# [Dataset content]
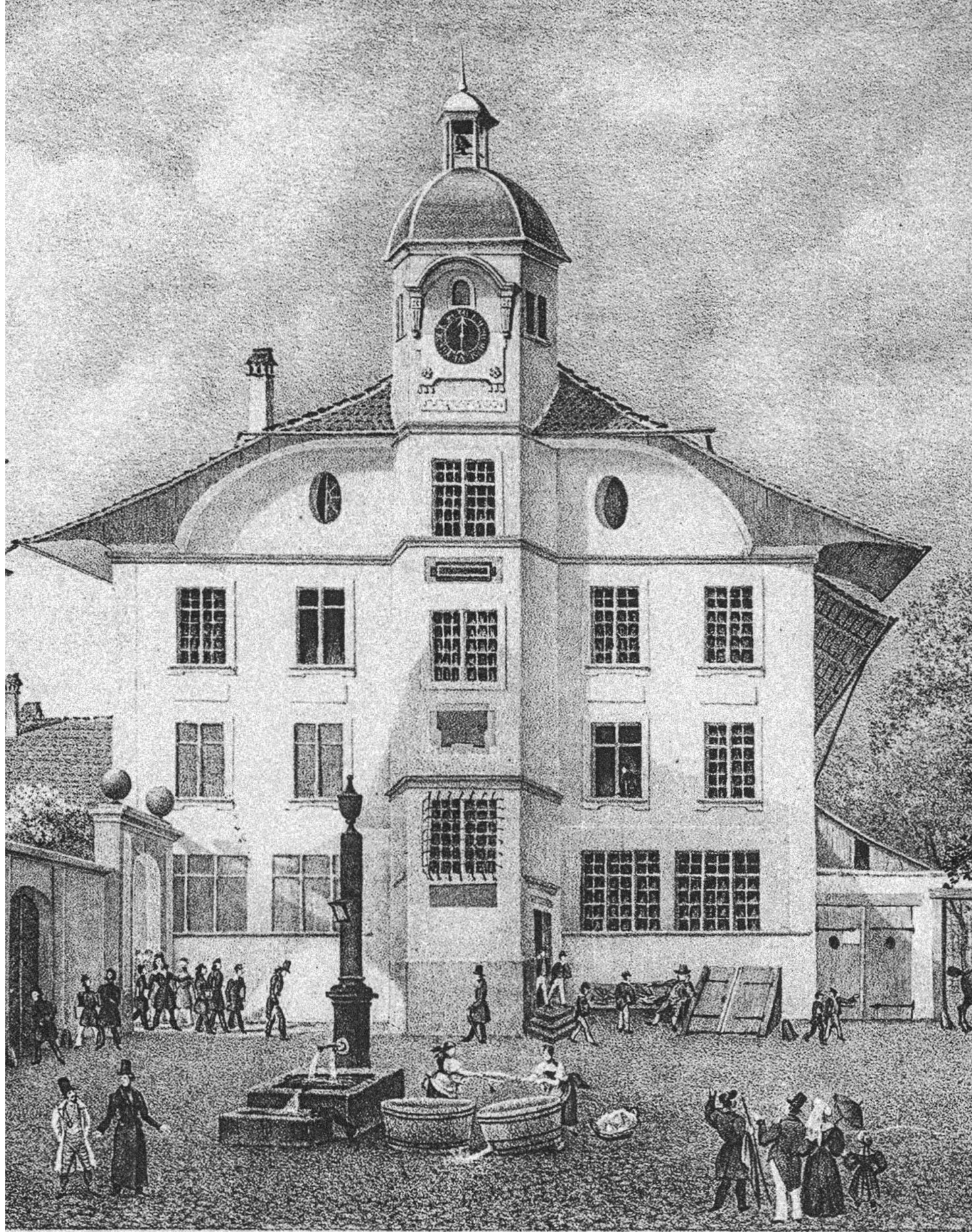
Die Akademie in Bern. – Durheim, Charles (1810–1890), Lithographie. Burgerbibliothek Bern.
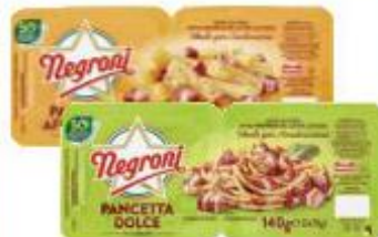
NEGRONI PANCETTA A CUBETTI DOLCE/AFFUMICATA 70 G X 2
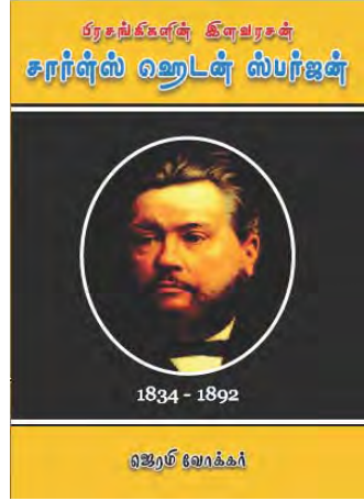
சார்ள்ஸ் ஹெடன் ஸ்பர்ஜன்

# [Exercise]
Reproduce the whole listing verbatim and keep all pictures out of it.

# [Answer section]
Die Akademie in Bern. – Durheim, Charles (1810–1890), Lithographie. Burgerbibliothek Bern.
NEGRONI PANCETTA A CUBETTI DOLCE/AFFUMICATA 70 G X 2
சார்ள்ஸ் ஹெடன் ஸ்பர்ஜன்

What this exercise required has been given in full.